# Installing Apache within a jail



## bsduni (Oct 2, 2013)

Hi!

I am learning FreeBSD and wish to implement a webserver within a jail. I have followed http://www.freebsd.org/doc/handbook/jails-application.html and have got a working jail 'www' on FreeBSD 9.1. Now I want to install Apache and PHP within the jail. I could not find information in this regard and the information at https://wiki.freebsd.org/AppserverJailsHOWTO only has guides for ezjail, not the manually set[]up jail. 

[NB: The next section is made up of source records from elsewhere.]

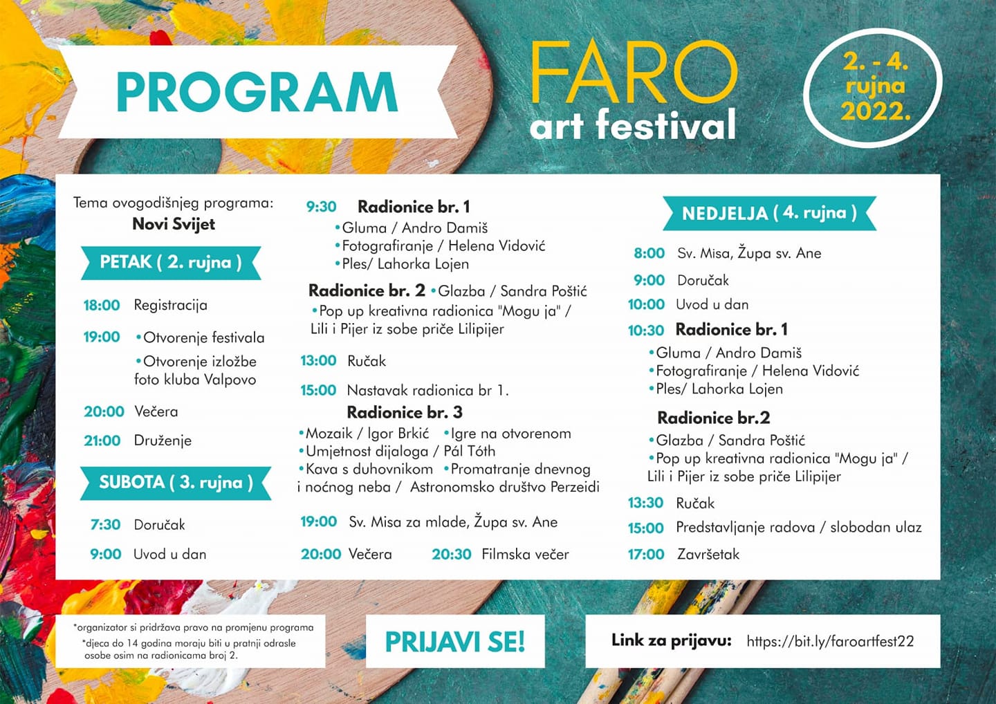 Organizatori najavljuju brojne umjetničko-kreativne radionice koje će voditi domaći i gostujući umjetnici, a prijave su obvezne putem online prijavnice. Neće nedostajati večernjih druženja, a za subotu, 3. rujna najavljena je i filmska večer. Na kraju festivala u nedjelju sudionici će zajednički predstaviti svoje kreativne radove.
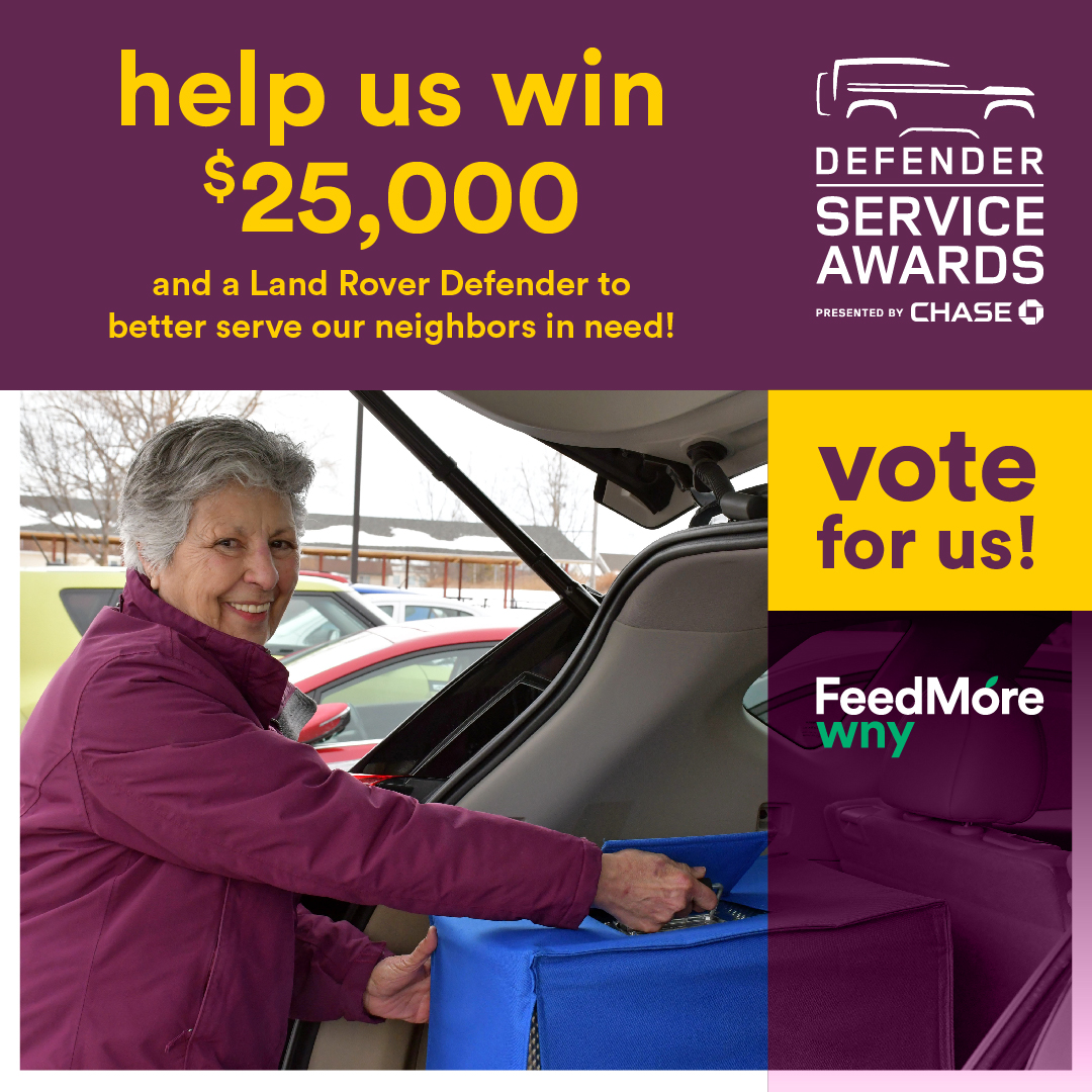 If selected as the winner, FeedMore WNY will receive $25,000 to aid our mission, as well as a new Land Rover Defender 130 to deliver even more nutritious meals to our homebound neighbors in need.
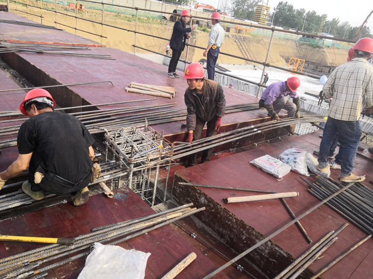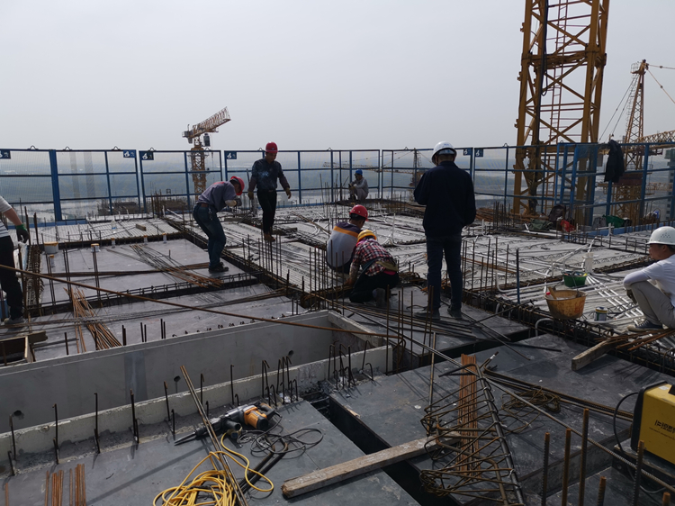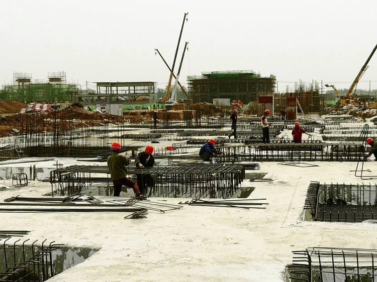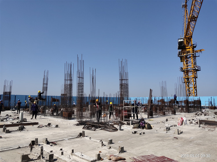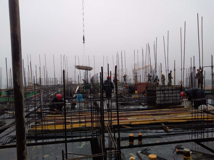 5月2日,十一公司天長恒大I標項目班組綁扎基礎承臺鋼筋。
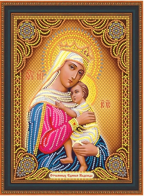 Алмазная мозаика "Икона Отчаянных Единая Надежда" частичная выкладка, на подрамнике, 27х33 см
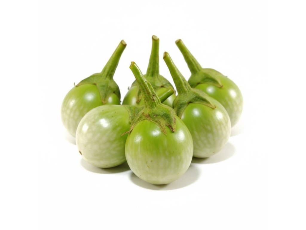 Nutritionally, small round green eggplants are low in calories and provide dietary fiber, antioxidants, and small amounts of vitamins such as vitamin C and B-complex. Overall, they are valued both for their distinctive texture and their ability to add freshness and slight bitterness to savory dishes.
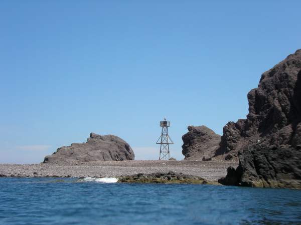 Faro, navigation light, on the northeast corner of Isla Carmen

Is there any guide that illustrates the installation of applications within a (plain) jail? (not ezjail).

Thank you in advance.


----------



## SirDice (Oct 2, 2013)

Treat the jail as a separate machine. There's nothing 'special' to do, just install it as you do on the host.


----------



## ph0enix (Nov 13, 2013)

SirDice said:
			
		

> Treat the jail as a separate machine. There's nothing 'special' to do, just install it as you do on the host.



So basically `chroot` to the jailed environment, sync the ports tree and build/install the port?


----------



## ShelLuser (Nov 13, 2013)

ph0enix said:
			
		

> So basically chroot to the jailed environment, sync the ports tree and build/install the port?


Basically "enter" the jail, then sync the tree and install the port.

Entering the jail can be done by executing a shell within the jail, you have the jexec command for that (for example: `# jexec www /bin/sh`). Or if you want to do this more officially you could even start login instead of a shell and then logon as if you'd do on a regular machine.

As for the ports collection..  Sure, you could synchronize a new tree in the jail and treat that separately. But you might get a more efficient environment if you simply shared the ports collection from the host.

You can do that by "re-mounting" (or _binding_) the directory in which the ports collection resides into the jail environment. Look into the nullfs file system for that.

And yeah, in the end merely install the port and be done with it. You could even opt for the usage of binary packages if you don't need to finetune the whole lot.


----------